An over-filled optical system (hereinafter referred to as OFS) meets the two demands, to increase the definition and to increase the speed. The OFS is characterized in that the number of deflecting surfaces of a rotating polygon mirror can be increased without increasing the size of the rotating polygon mirror. If a multi-beam light source that emits M light beams is used as a laser light source (light source device), the speed can be increased M-fold.
When the number of surfaces of the rotating polygon mirror is N, the effective scanning width on a surface to be scanned is W, the focal length of the imaging optical system is f, and the scanning efficiency is duty, there is the following relationship among N, W, f, and duty:f=WN/(4π·duty)According to the above relational expression, the focal length f is proportional to the number of surfaces of the rotating polygon mirror N. Therefore, increasing the number of surfaces causes the optical system to be large.
To solve this problem, various optical scanning apparatuses have been discussed.
An optical scanning apparatus discussed in Japanese Patent Laid-Open No. 2000-267030 (Patent Document 1) is reduced in size because, in the OFS, a converging light beam is incident on the rotating polygon mirror, and imaging is performed at a distance smaller than the focal length of the imaging optical system.

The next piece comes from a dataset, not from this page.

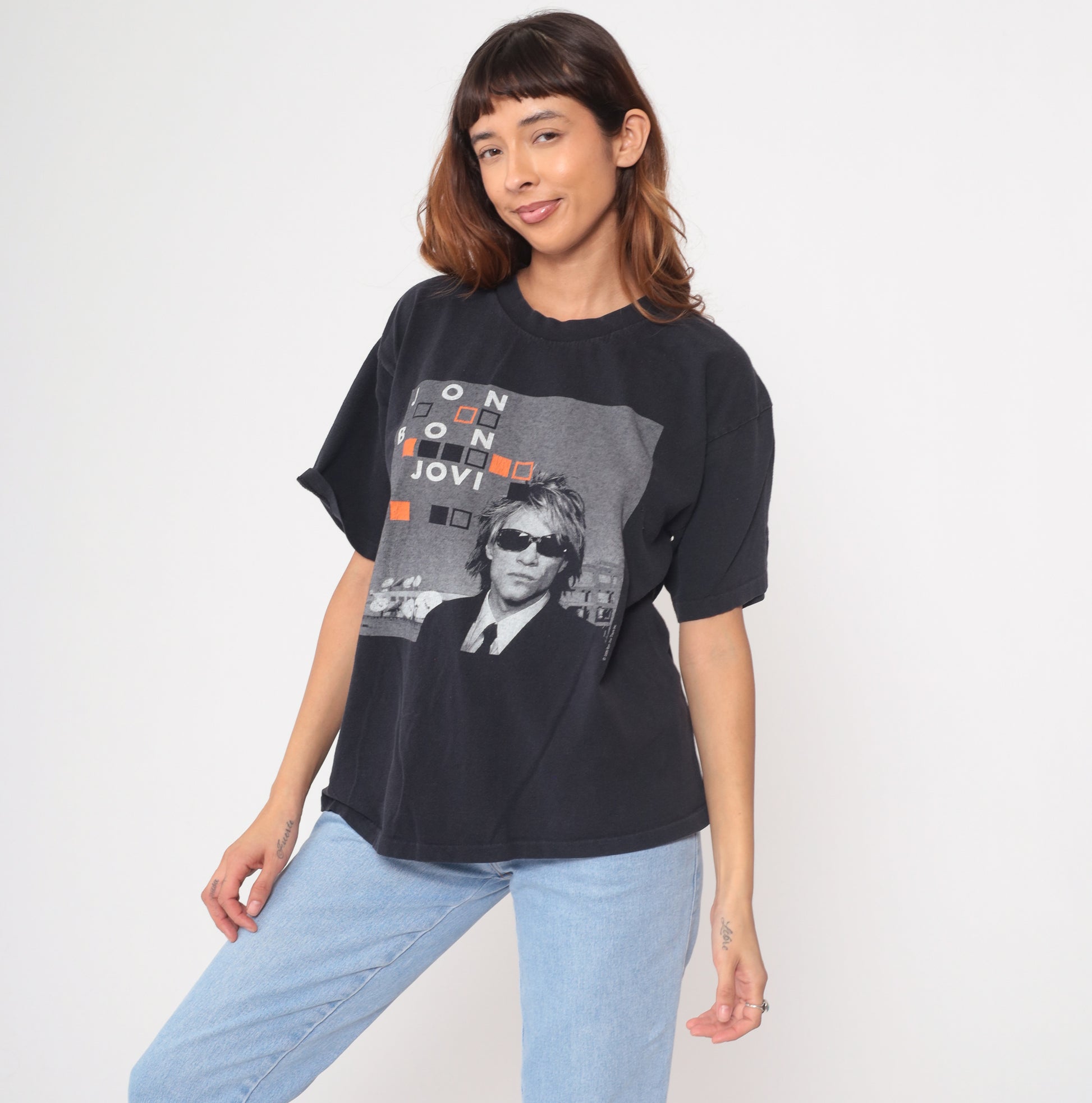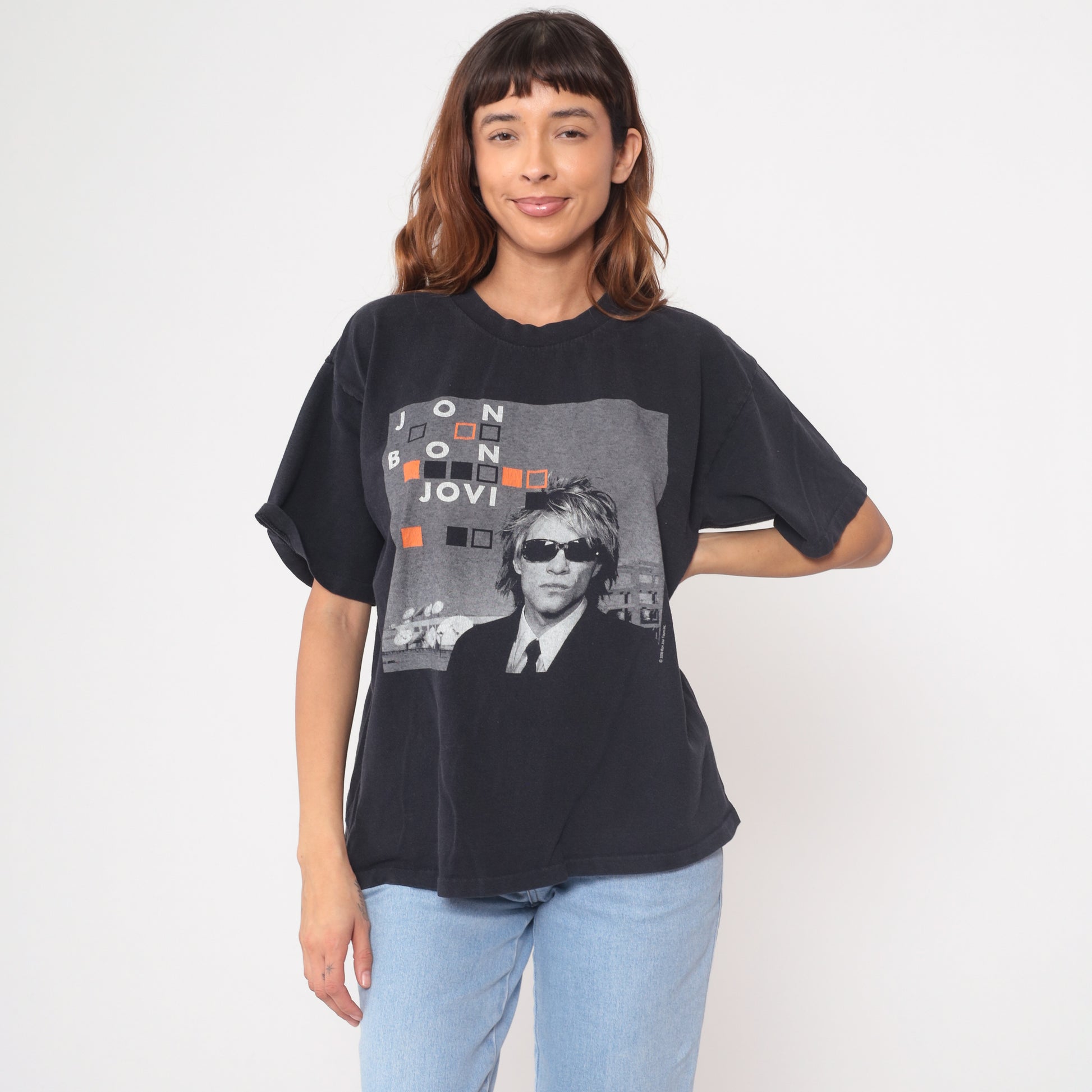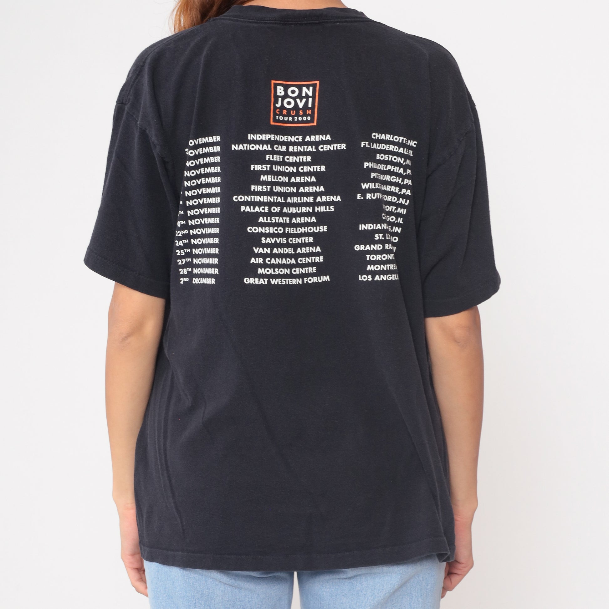 Y2K Bon Jovi Crush Tour 2000 shirt in black cotton with tour dates across the back listing venues including Independence Arena, Mellon Arena, Continental Airlines Arena, and Air Canada Centre. Front features Jon Bon Jovi photo with geometric square design in orange and gray.

Specifically, in the case of a scanning optical system that scans the width in the direction of the short side of A3 size paper (document), whose effective scanning width is 297 mm, when the number of surfaces of the rotating polygon mirror is 12 and the scanning angle is 25.6 degrees, the distance from the deflecting surface to the surface to be scanned is reduced from 437 mm to 305 mm, that is to say, to 68% by causing a converging light beam to be incident on the deflecting surface. In addition, the apparatus of Patent Document 1 is reduced in size by facilitating a tolerance of the fθ performance error up to 0.5% and sacrificing the print-position accuracy in the main scanning direction.
In an optical scanning apparatus discussed in Japanese Patent Laid-Open No. 11-183837 (Patent Document 2), a pair of angled mirrors are disposed between the rotating polygon mirror and the surface to be scanned, and the optical path is folded in the sub-scanning direction, thereby reducing the actual optical-path length to a half of the developed optical-path length.
The optical scanning apparatus of Patent Document 1 has the following problem. Since a converging light beam is incident on the rotating polygon mirror, convergent jitter occurs. In addition, in principle, reduction in the optical-path length causes deterioration in optical performance.
The optical scanning apparatus of Patent Document 2 has the following problem. Since the optical path is folded in the direction of the height of the apparatus, the actual height in the sub-scanning direction increases. In addition, the whole apparatus is complicated (high-cost) due to the increased number of mirror parts.
The OFS is characterized in that the number of surfaces of the rotating polygon mirror can be increased with the size (diameter) of the rotating polygon mirror kept small. In addition, although the diameter is small, the OFS facilitates narrowing down the spot diameter in the main scanning direction because the diameter of the deflected light beam is determined by the width of the deflecting surface (reflecting surface). In the OFS, the number of surfaces has been set to 12 in order to make full use of the characteristics of the multifaceted OFS. In the conventional UFS (under-filled optical system), it can be difficult to set the number of surfaces to 12. However, since the focal length f is proportional to the number N of surfaces as illustrated in the above relational expression, it is inevitable that the apparatus is increased in size. However, if the number of surfaces is reduced, a notable reduction in the diameter of the rotating polygon mirror makes it difficult to manufacture the rotating polygon mirror.